Hopefully this is better.

Update 2/27/2007
The above linked Flash movie stays in sync for about the first 20 minutes then the audio gets ahead of the video, so still having the problem. It seems somewhat iproved since it lot longer in sync before it goes out but its still not appealing to spend a lot of time making a tutorial only to find that it didn't produce what you wanted and there is no apparent way to get it to do what it should.

I'm thinking Camtasia

Though my initial experiments with Wink seemed promising as I tried to use it for more tutorials I ran into problems. After what I thought was a good take for a particular demo it crashed and lost my work. Then I did it again and the rendered content audio sounded slow and very deep, unintelligible.

So I downloaded the trial version of Camtasia Studio. It lasts 30 days fully functional and I think I'm going to have to buy it. It seems more feature rich and most importantly stable.

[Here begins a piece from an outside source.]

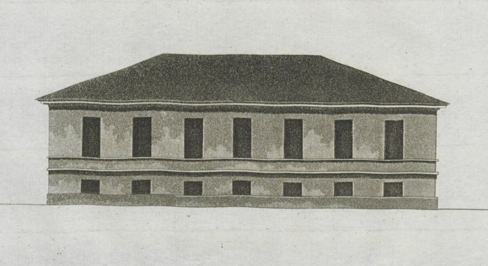 В 1805 году Переславцевы планировали построить деревянный дом, но в 1810-х годах возводится каменный, сохранившийся до наших дней (улица О. Берггольц, № 6). Это было довольно крупное одноэтажное здание с высоким цокольным этажом. По главному фасаду пять окон, по протяжённым боковым – восемь-девять. По всей видимости, для него был использован образцовый фасад № 23 из первого альбома 1809 года – наиболее простой образцовый проект. Помимо прямоугольных окон композицию формируют профилированный карниз и белокаменный междуэтажный поясок. Облик здания прост, схематичен, но выверенные классические пропорции придают благородство и выразительность. Уже на раннем этапе над каменным объёмом надстраивается деревянный оштукатуренный верхний этаж-мезонин, заметно укрупнивший здание.

Here is the second take of a tutorial I did with Wink after the first take crashed

then I re-did it with Camtasia as seen here

It was an unscripted session both times I think I probably did a better take in Wink but the quality of the result with Camtasia is much better it seems to me.

Hopefully Wink will improve over time, I'll certainly keep my eye on it, but I need something more robust if I'm going to spend my time creating tutorials so it looks like I will pony up the dough for Camtasia soon, it seems very impressive to me.

Wink Wink Nudge Nudge

Todd Stone nudged me to try Wink, a free demo/tutorial creation tool that allows you to do screen capture and audio capture to produce Flash movies. I finally got around to it just now and tested it by making a quick demo of the mojoPortal personalization features. Click here to watch it.

So far I'm really impressed with Wink, its easy to use. The audio sounds a little broken up but not too bad. I'm using a really good mic and preamp, I think its just the compression that makes it sound a little choppy. I used the web safe color palette to help make the file a little smaller. Wink outputs both the.swf Flash file and a .htm file to host the Flash movie.



I'm definitely going to do more tutorials this way, hopefully I will get better at it as I go. The personalization demo I did today was unscripted and done mainly as a test to get the audio levels right.

Update: I moved the .swf file for this tutorial over to my google pages site to reduce load on the web server hosting this site since the file is almost 6MB. IE doesn't seem to want to play the movie because the html page is not in the same domain as the movie file. This is probably a security feature of IE. If you are having this trouble use this link instead, it goes directly to the .swf file and IE seems willing enough to load it without a page wrapped around it.